Claude allait refuser. Depuis le matin il n’avait qu’une hâte, marcher plus vite, comme si chaque pas abrégeait la corvée et le ramenait vers Paris. Son cœur, sa tête, son être entier était resté là-bas. Il ne regardait ni à droite, ni à gauche, filant sans rien distinguer des champs ni des arbres, n’ayant au crâne que son idée fixe, dans une hallucination telle, que, par moments, la pointe de la Cité lui semblait se dresser et l’appeler du milieu des vastes chaumes.

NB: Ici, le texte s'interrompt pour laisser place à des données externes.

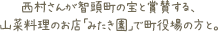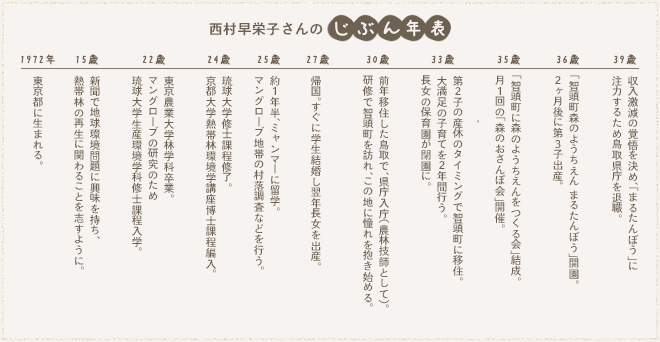 - にしむら・さえこ/東京都出身。中学時代に新聞を通して知った地球環境問題への関心から、熱帯林再生に携わりたいと考える。東京農業大学林学科→琉球大学農学研究科生産環境学部(修士課程)→京都大学農学研究科熱帯林環境学講座(博士課程)と進み、ミャンマーへの留学も経験する。帰国後の2000年に学生結婚し、出産。夫の出身地である鳥取県に居を移し、農林技師として鳥取県庁に入庁。智頭町に出会い憧れるようになり、第2子の産休を機に移住。2007年より仲間と森のようちえん ※ を智頭町につくる活動を始め、翌々年に開園。2012年より専従。 智頭町森のようちえん まるたんぼう公式サイト

Pourtant, la proposition de Sandoz éveillait en lui des souvenirs ; et, une mollesse l’envahissant, il répondit :

— Oui, c’est ça, allons voir.

Mais, à mesure qu’il avançait le long de la berge, il se révoltait de douleur. C’était à peine s’il reconnaissait le pays. On avait construit un pont pour relier Bonnières à Bennecourt : un pont, grand Dieu ! à la place de ce vieux bac craquant sur sa chaîne, et dont la note noire, coupant le courant, était si intéressante ! En outre, le barrage établi en aval, à Port-Villez, ayant remonté le niveau de la rivière, la plupart des îles se trouvaient submergées, les petits bras s’élargissaient. Plus de jolis coins, plus de ruelles mouvantes où se perdre, un désastre à étrangler tous les ingénieurs de la marine !

— Tiens ! ce bouquet de saules qui émergent encore, à gauche, c’était le Barreux, l’île où nous allions causer dans l’herbe, tu te souviens ?… Ah ! les misérables !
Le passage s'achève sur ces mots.